## Provided information
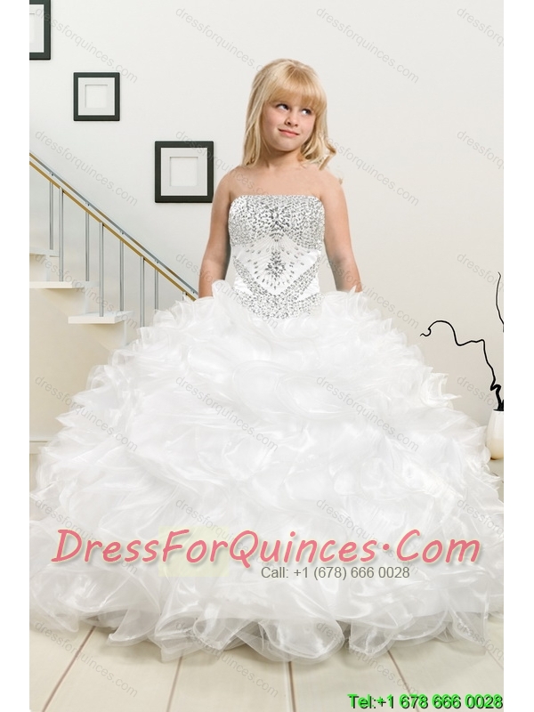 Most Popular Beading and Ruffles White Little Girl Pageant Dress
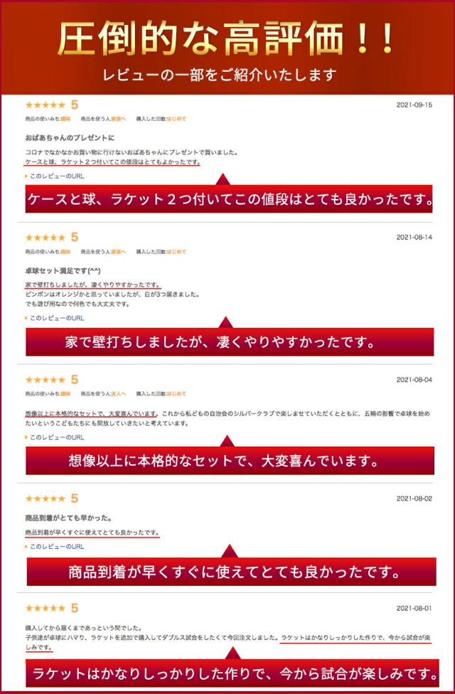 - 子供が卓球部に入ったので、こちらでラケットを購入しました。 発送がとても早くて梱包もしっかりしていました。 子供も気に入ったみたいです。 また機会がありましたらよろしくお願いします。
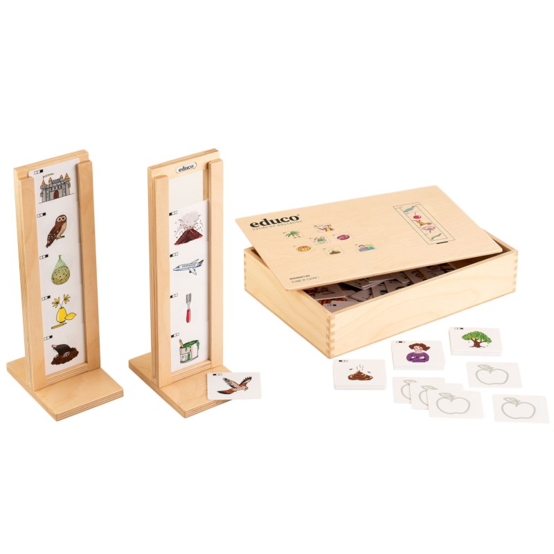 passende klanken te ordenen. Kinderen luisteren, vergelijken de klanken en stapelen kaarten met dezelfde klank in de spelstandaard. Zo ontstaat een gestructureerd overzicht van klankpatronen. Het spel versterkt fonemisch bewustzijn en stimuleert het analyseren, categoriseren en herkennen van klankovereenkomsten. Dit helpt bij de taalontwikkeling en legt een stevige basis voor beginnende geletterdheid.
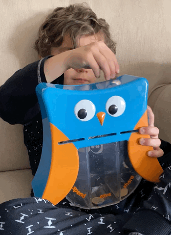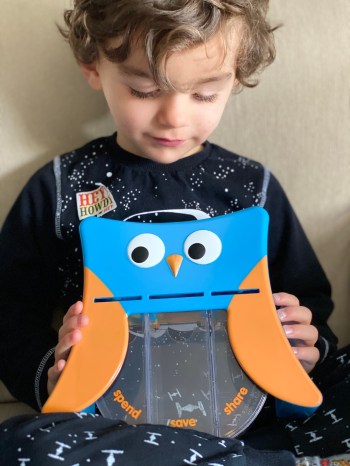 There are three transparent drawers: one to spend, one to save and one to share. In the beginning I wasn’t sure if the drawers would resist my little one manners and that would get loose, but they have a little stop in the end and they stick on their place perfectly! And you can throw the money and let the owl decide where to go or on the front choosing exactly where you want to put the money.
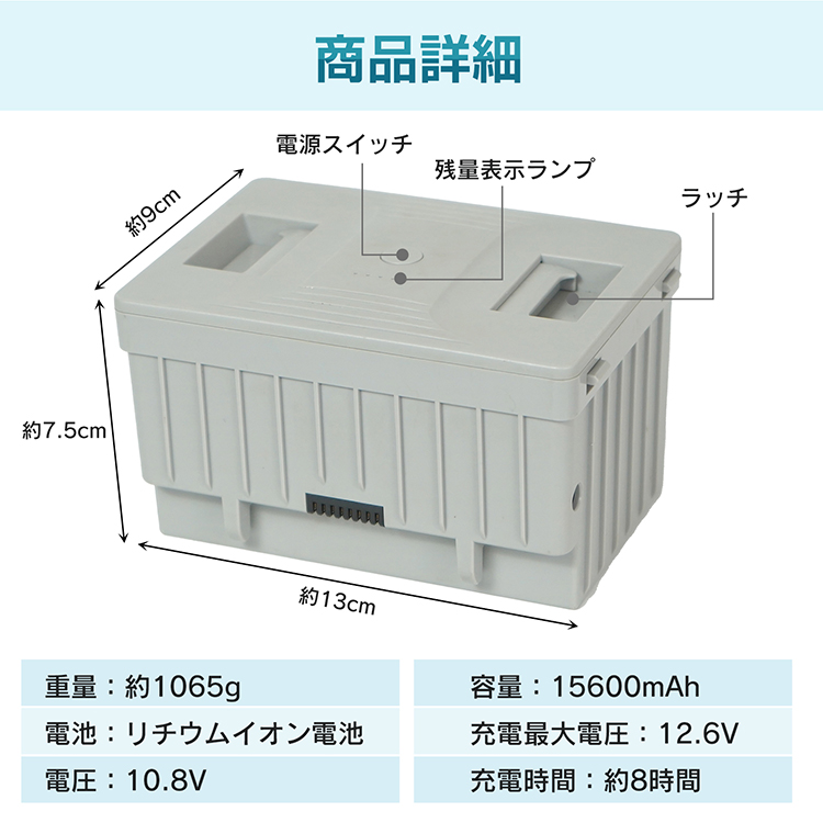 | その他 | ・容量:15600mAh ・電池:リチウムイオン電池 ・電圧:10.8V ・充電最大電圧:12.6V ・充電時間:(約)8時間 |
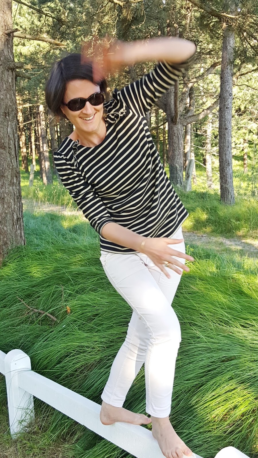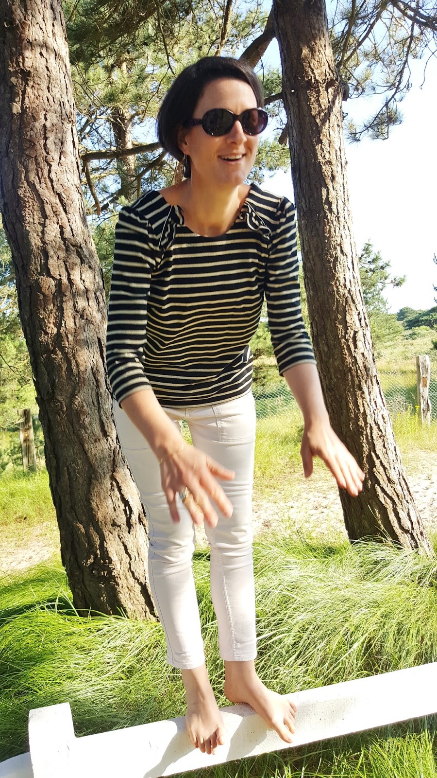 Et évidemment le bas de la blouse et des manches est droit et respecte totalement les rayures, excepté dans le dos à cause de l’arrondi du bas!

* * *

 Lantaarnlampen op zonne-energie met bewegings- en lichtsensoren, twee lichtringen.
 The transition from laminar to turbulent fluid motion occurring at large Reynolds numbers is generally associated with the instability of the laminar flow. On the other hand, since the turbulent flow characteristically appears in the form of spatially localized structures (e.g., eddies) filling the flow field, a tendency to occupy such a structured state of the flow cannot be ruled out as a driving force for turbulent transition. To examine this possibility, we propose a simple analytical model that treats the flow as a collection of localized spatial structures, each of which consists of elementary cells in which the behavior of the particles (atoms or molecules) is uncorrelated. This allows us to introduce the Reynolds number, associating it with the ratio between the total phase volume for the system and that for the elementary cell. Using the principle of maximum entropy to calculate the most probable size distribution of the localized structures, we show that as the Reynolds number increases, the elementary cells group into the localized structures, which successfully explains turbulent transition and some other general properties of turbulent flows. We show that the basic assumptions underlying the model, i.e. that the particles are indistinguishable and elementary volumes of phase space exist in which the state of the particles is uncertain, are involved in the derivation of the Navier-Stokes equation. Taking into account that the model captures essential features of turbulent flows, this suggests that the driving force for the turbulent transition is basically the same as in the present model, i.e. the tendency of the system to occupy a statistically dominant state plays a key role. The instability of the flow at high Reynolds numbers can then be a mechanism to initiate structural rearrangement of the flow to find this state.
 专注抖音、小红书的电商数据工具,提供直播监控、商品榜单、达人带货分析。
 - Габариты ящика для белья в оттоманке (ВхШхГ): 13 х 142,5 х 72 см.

* * *

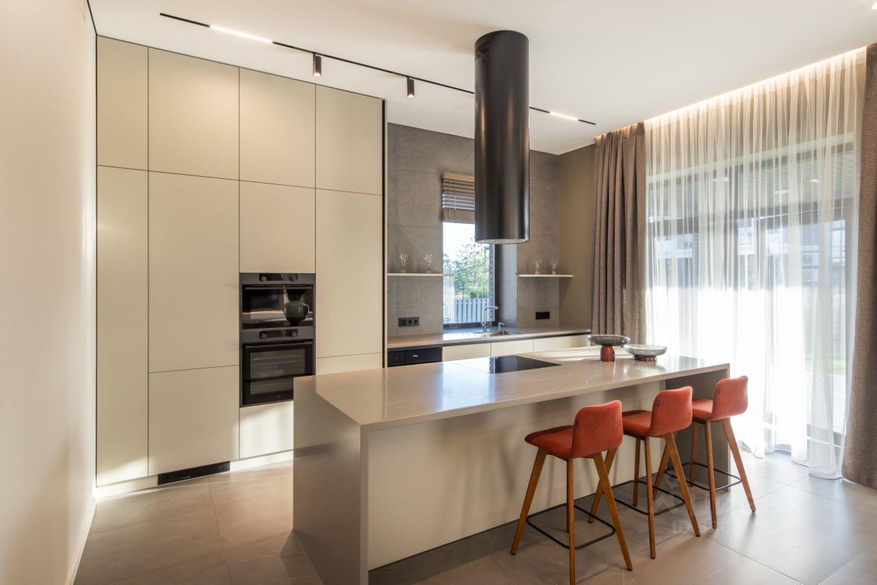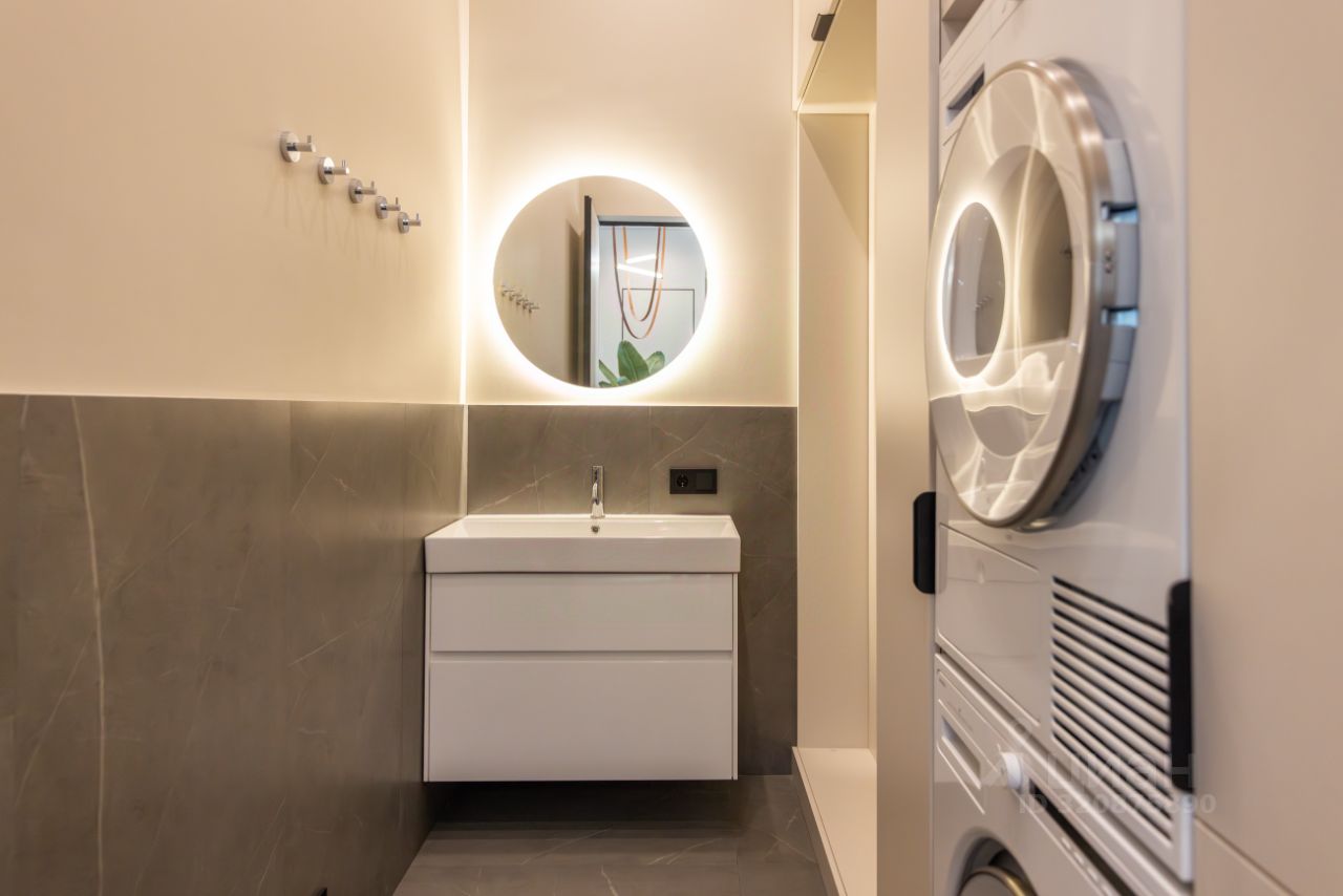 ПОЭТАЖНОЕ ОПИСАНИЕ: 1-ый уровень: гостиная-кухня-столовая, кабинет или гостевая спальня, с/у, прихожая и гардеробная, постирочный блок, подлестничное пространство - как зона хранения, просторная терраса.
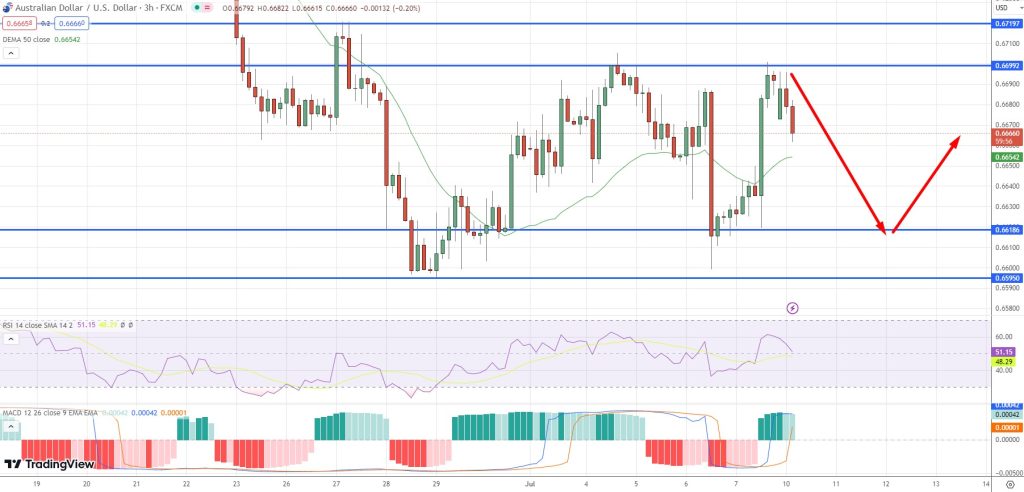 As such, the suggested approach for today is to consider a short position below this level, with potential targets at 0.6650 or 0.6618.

## Task to complete
Range to copy from the listing above: the line with "ПОЭТАЖНОЕ ОПИСАНИЕ: 1-ый" through the line with "As such, the". Transcribe it exactly and skip the pictures.

## Answer box
 ПОЭТАЖНОЕ ОПИСАНИЕ: 1-ый уровень: гостиная-кухня-столовая, кабинет или гостевая спальня, с/у, прихожая и гардеробная, постирочный блок, подлестничное пространство - как зона хранения, просторная терраса.
 As such, the suggested approach for today is to consider a short position below this level, with potential targets at 0.6650 or 0.6618.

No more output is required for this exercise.